30. I am therefore not satisfied about any illegality in the compromise arrived at between the parties. 31. Once the compromise arrived at between the parties is found to be lawful, there is no reason not to dispose of the suit in terms thereof. The decision of the Division Bench of this Court in Naresh Kumar v. Ashok Arora my also be taken note of, where approving the earlier dicta of this Court in Double Dot Finance Ltd. v.
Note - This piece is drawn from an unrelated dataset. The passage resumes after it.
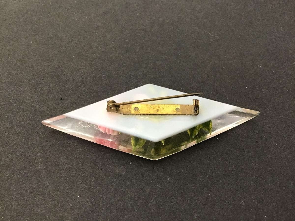 1940 Lucite Pink Rose Vintage Brooch 3 Inch Diamond Shape

Goyal MG Gases Ltd., 117 (2005) DLT 330, the Court held that if such pleas are sustained, the sanctity and purpose of amicable settlements between parties would stand totally eroded and such tendency need to be checked. 32. Accordingly, I.A. No. 7178/2013 filed by the objecting plaintiffs for restraining withdrawal of the suit is dismissed and the compromise as contained in the Deed of Family Settlement dated 16th April, 2013 is allowed. 33. The counsel earlier appearing for all the plaintiffs and the counsels for the defendants seek decree in terms of the Deed of Family Settlement. 34. The suit is accordingly decreed in terms of the Deed of Family Settlement dated 16th April, 2013 which shall form part of the decree sheet, leaving the parties to bear their own costs. Decree sheet be drawn up. Order accordingly.